Inside Llewyn Davis (Ethan Coen & Joel Coen, 2013)



Over twenty years ago the Coen Brothers’ created Barton Fink, a film in which its titular character is at times his own worse enemy, unable to see that it is himself that prohibits him from success, unwilling to compromise and accept help from those around him.

Here, Oscar Isaac’s lead character shares a lot in common with John Turturro’s as he attempts to become a folk singing success in 1961 New York. Llewyn Davis (I delightful Welsh name, I must add) is not a particularly likeable or sympathetic character, he is uncaring of those around him and does not see the pain and suffering he causes for others: he impregnates his friend’s partner and without hesitation offers an abortion, he carelessly loses another friends cat, and he rudely insults other artists for a variety of reasons.

Recovering from the death of his former partner, Llewyn Davis stubbornness and refusal to conform to the changing musical landscape around him ultimately holds him back from achieving success. In one of the beginning scenes a man sits beside him in a bar, praising his friends’ performance, Isaac sits there with a look of disgust,to him, this is not good music, and as we soon begin to learn: it is either his way or no way.

In another scene he agrees to take part in a musical piece with two other men, he initially mocks the writing of the song before he realises that it his is co-singer and friend who is the writer. He then decides to take an up front payment in order to fund the abortion of this same man’s wife’s unborn child, as opposed to receiving any future royalties. His past dismissal for the concerns of others once again proves to be a hindrance to his career.

Llewyn Davis’ disdain for others is summed up in a scene with his sister when he describes other people simply as those who ‘exist’. The other characters in this movie are shown in such a way in that we see them through Llewyn Davis’ eyes; he is a selfish man, unable to see the good in those around him. Justin Timberlake’s character is a more successful musician whose music whilst not folk music like Llewyn’s, is certainly more successful and profitable, he also has a wife and home unlike Llewyn.
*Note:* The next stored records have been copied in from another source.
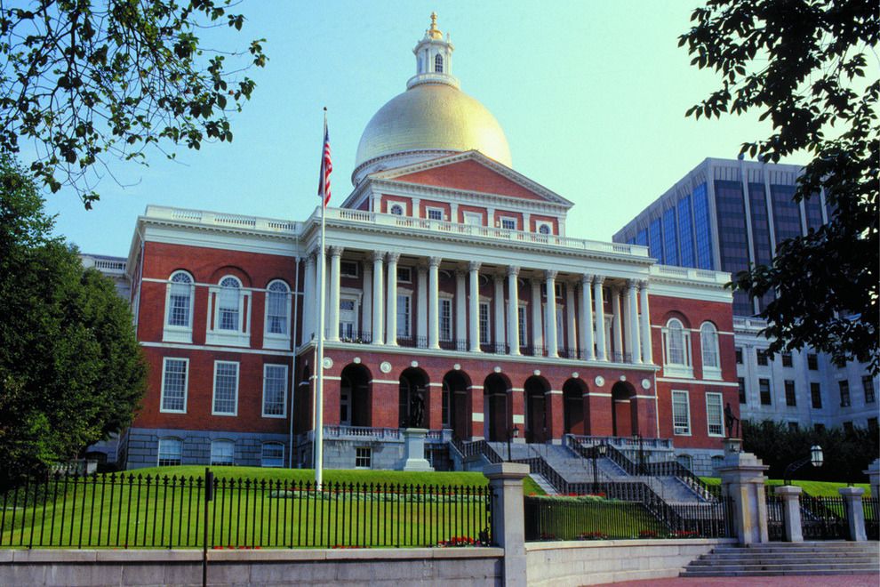 The Massachusetts State House is in the Beacon Hill neighborhood. It was said to have been completed in January of 1798, at a cost of $133,333.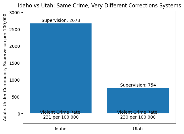 If Idaho and Utah experience nearly identical violent-crime rates, why does Idaho keep so many more people under correctional supervision and behind bars?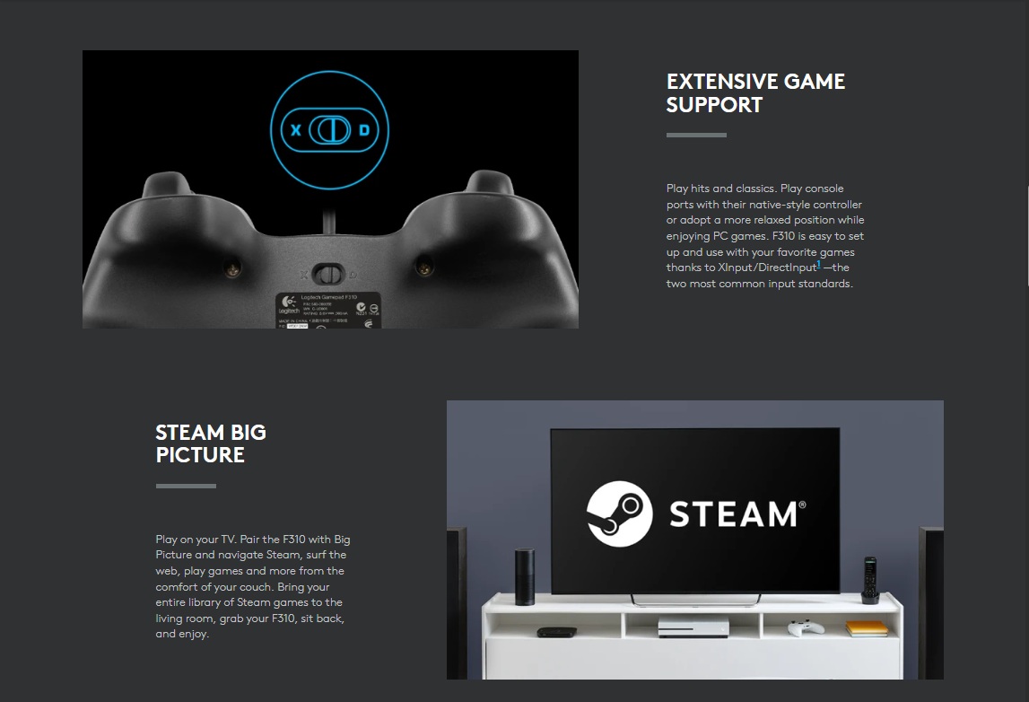 STEAM BIG PICTURE- Pair the F310 with Big Picture and navigate Steam, surf the web, play games and more from the comfort of your couch.

Then we have the characters portrayed by John Goodman and Garrett Hedlund, two talented musicians who are rather unpleasant and insulting towards Llewyn (at least Goodman’s character), themselves in a way representing wasted talents, unlikely to make it because of different problems, although Llewyn fails to recognise what they are trying to tell him, reacting angrily to their criticism of folk music.

The film is bleak and depressing at times, it’s a very moody film which will put off some viewers. But most of the Coen Brothers’ films are similar in the way they deal with the little man, the underdog, and at times with pessimistic fates. In No Country for Old Men we have a character that although faced with a number of forces against him, is ultimately responsible for his own downfall through his stubbornness and insistence that he will win by going his own way. The cinematography is superb in capturing the feel of Llewyn’s daunting journey throughout the film; it has a wonderful blue, frosty feel to it. The film probably has the best soundtrack of the year too, with all the music – bar the final song from a voice you might just recognise – recorded live by the actors themselves. Then there is the usual Coen Brothers’ dark humour, although at times nasty, you can not help but laugh at the human side of frustration that shows in both Llewyn Davis’ actions and dialogue.

The last scene in particular is a brilliant piece of writing, it replicates what we are shown at the start, but this time we get added context and have a full understanding of Llewyn Davis’ character, we know what exactly is happening and can easily accept why.

The Coen Brothers have made many great films, and this is right up there at the very top, it might just be their greatest and most honest human study, it’s a film that manages to be both beautiful and tragic, and you can not help but really feel the journey that Llewyn Davis’ goes on. My favourite film of 2013 so far.